:: Input data ::
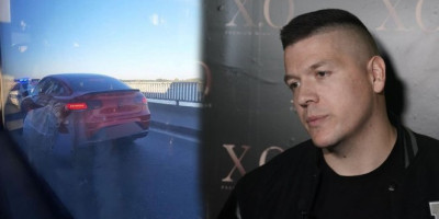 PRVE FOTOGRAFIJE S PANČEVAČKOG MOSTA! Automobil Slobine žene stoji nasred kolovoza, pevač je prvi izleteo da spreči čoveka da se ubije!
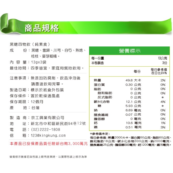 【京工】黑糖四物飲 (3入) - 京工蔬菜湯養生館
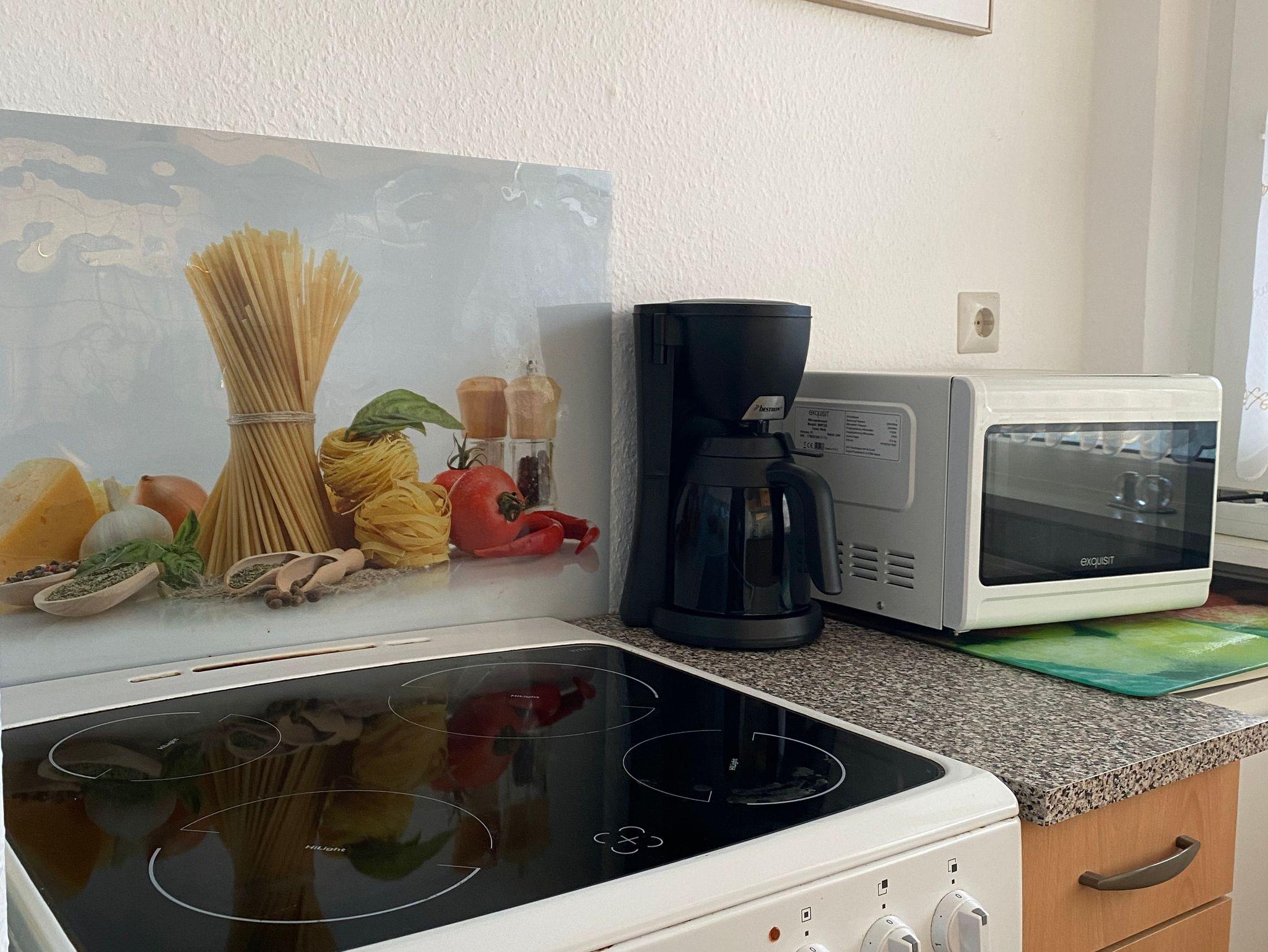 Küche: kleine Küchenzeile, 4er-Ceran-Herd, Backofen, Kühlschrank mit Gefrierfach, Spülmaschine, Wasserkocher, Kaffeemaschine, Toaster, Mikrowelle = 1 Küche mit Esstsich für 6 Personen.
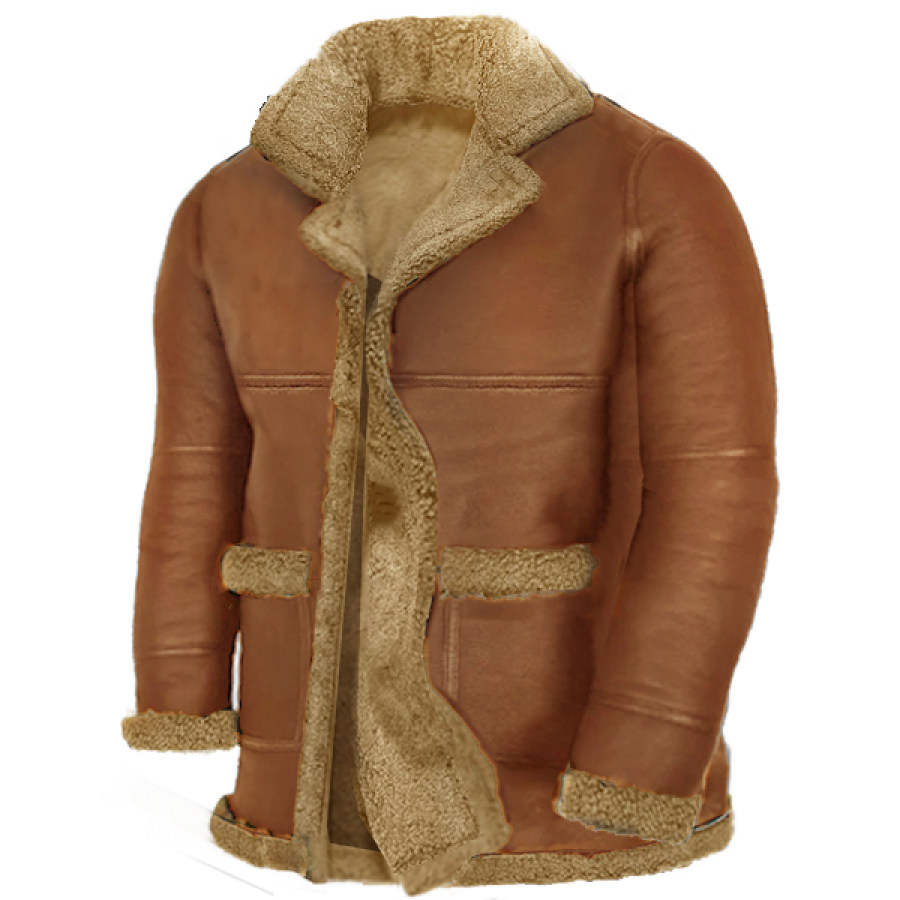 Men's Retro Lining Plus Fleece Zipper Tactical Suede Jacket

:: Work order ::
Could you reproduce the listing above exactly and drop every picture?

:: Answer space ::
 PRVE FOTOGRAFIJE S PANČEVAČKOG MOSTA! Automobil Slobine žene stoji nasred kolovoza, pevač je prvi izleteo da spreči čoveka da se ubije!
 【京工】黑糖四物飲 (3入) - 京工蔬菜湯養生館
 Küche: kleine Küchenzeile, 4er-Ceran-Herd, Backofen, Kühlschrank mit Gefrierfach, Spülmaschine, Wasserkocher, Kaffeemaschine, Toaster, Mikrowelle = 1 Küche mit Esstsich für 6 Personen.
 Men's Retro Lining Plus Fleece Zipper Tactical Suede Jacket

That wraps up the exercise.